Proactive information disclosure
Raising the general public awareness
Above RTI process described can be identified as reactive information disclosure since it needs someone to request information before it has been disclosed. Whereas proactive information disclosure means that public authorities are voluntarily provide information to general public without having someone to request such. Some of the information that can be disclosed proactively includes institutional or organizational Information, operational information, public services, legislation and regulations, public participation, budgets and expenditure and finances. Proactive information disclosure has been already implemented for some public authorities up to satisfactory level but improvements can be done. One such improvement is providing a common platform, common formats of data, regulations and rules on which data needs to be disclosed proactively, which will need expertise of IT community as well.

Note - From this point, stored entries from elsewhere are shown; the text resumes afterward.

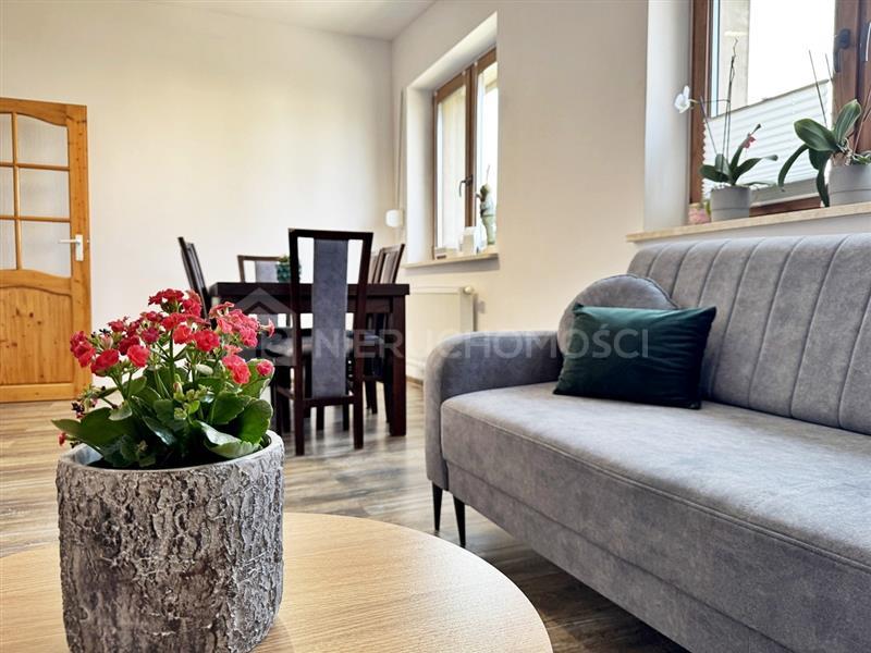 Stan pomieszczeń bardzo dobry, gotowy do zamieszkania. Mieszkanie sukcesywnie remontowane, dodatkowo wymienione okna na 3-szybowe PCV, a także ocieplona ściana zewnętrzna budynku. Ogrzewanie lokalu piecem na opał stały znajdującym się w piwnicy.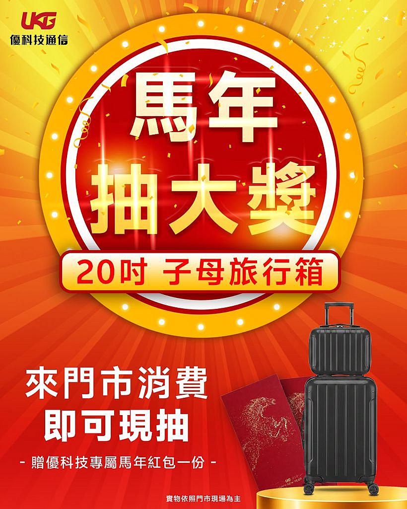 - 馬年紅包與行李箱抽獎活動需於活動期間內至門市消費不限金額方可參加,抽獎需加入官方LINE並透過數位抽獎券進行。
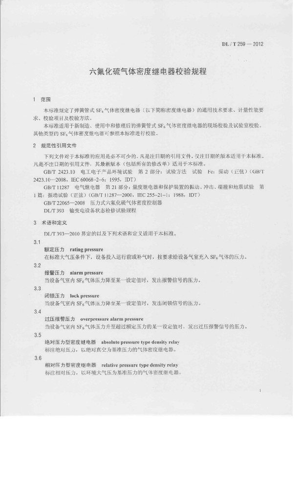 DL/T 259-2012 六氟化硫气体密度继电器校验规程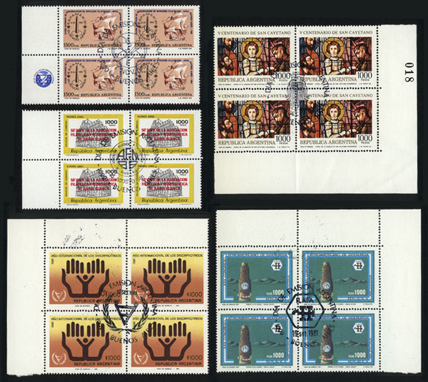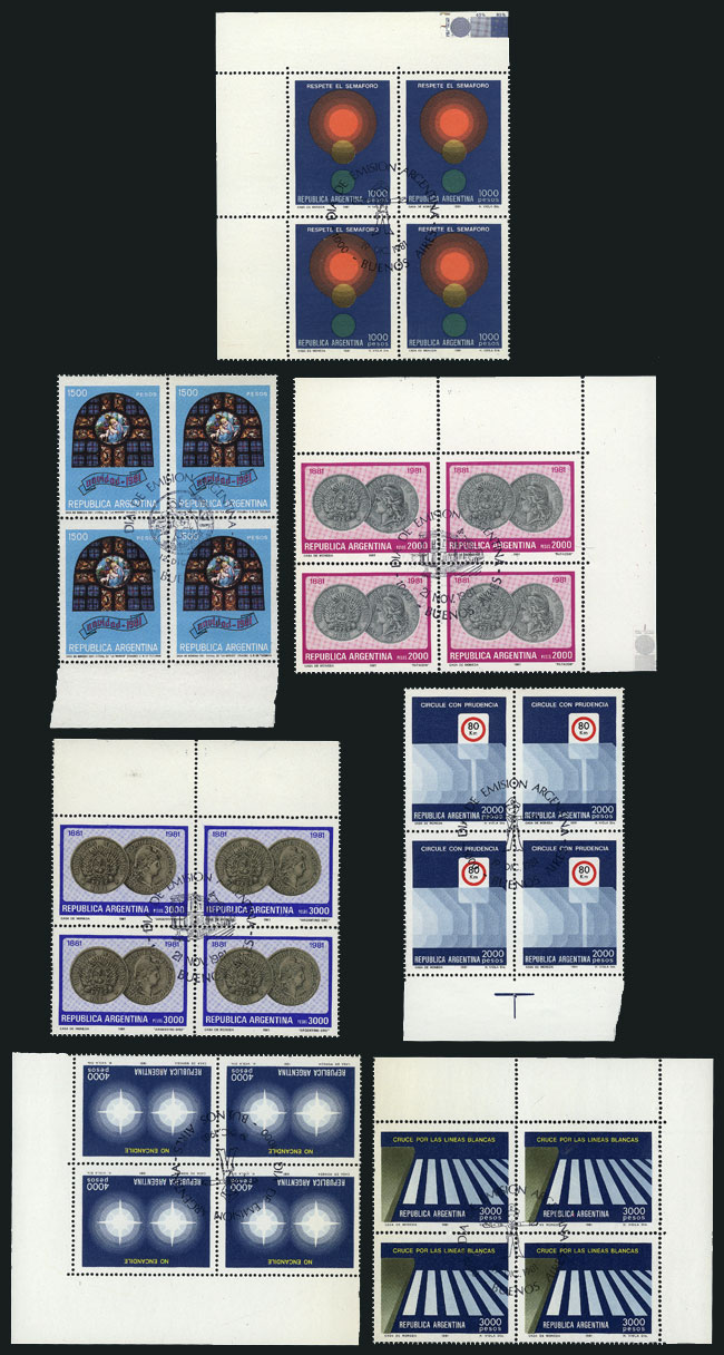 GJ.1990/1995 + 2000/2002 + 2007/2013, year 1981, in blocks of 4 with first day postmarks, including announcement leaflets, VF! (Image) (Image-02)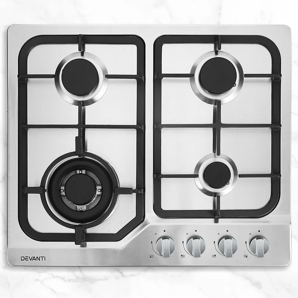 Devanti 60cm Gas Cooktop 4 Burner Stainless Steel, Cast Iron Grates, Wok Burner, Safety Lock, LPG Compatible

The reactive RTI process above has its own manual processes if not the whole process that can be improved with IT. And also the general public awareness on RTI would be more if it has been enabled through a common online platform. However, before moving into that level of IT integration, the first step would be, making the information acquired by individuals through RTI process, to be disclosed online. In the current process, the publishing of the information acquired solely depend on the person who requested information rather than the information officer. There can be few issues and inefficiencies such as people who requested information getting harassed, people who acquired information using it as a leverage against some person or organization, same information being requested repetitively due to not being aware of its release previously. If the information disclosed are published online for general public to see such issues will be minimized. There needs to be rules, regulations, tools and training for the information officers to make sure the information would be published online as soon as it disclosed to the person who requested information.
Above are two simple suggestions that the writer had when reading the publications about RTI act. It’s clear that combining RTI with Information Technology, it will direct at implementation of E-Governance, application of Information Technology on governance, which would be a broader area. In fact the RTI can be identified as the legal framework which removed most of the blockades that were preventing the movement towards the E-Governance. The work to be done towards the IT integration would take huge effort, will have substantial cost and will take considerable time but it would be the way forward with Right to Information.
We have to pay our gratitude towards some personals and civil society organizations including civil rights activists, media organizations for the long struggle which spanning over a decade towards Right to Information. Since now it’s in implementation, the IT community also has a responsibility to finding and proposing the solutions to improve the implementation of Right to Information.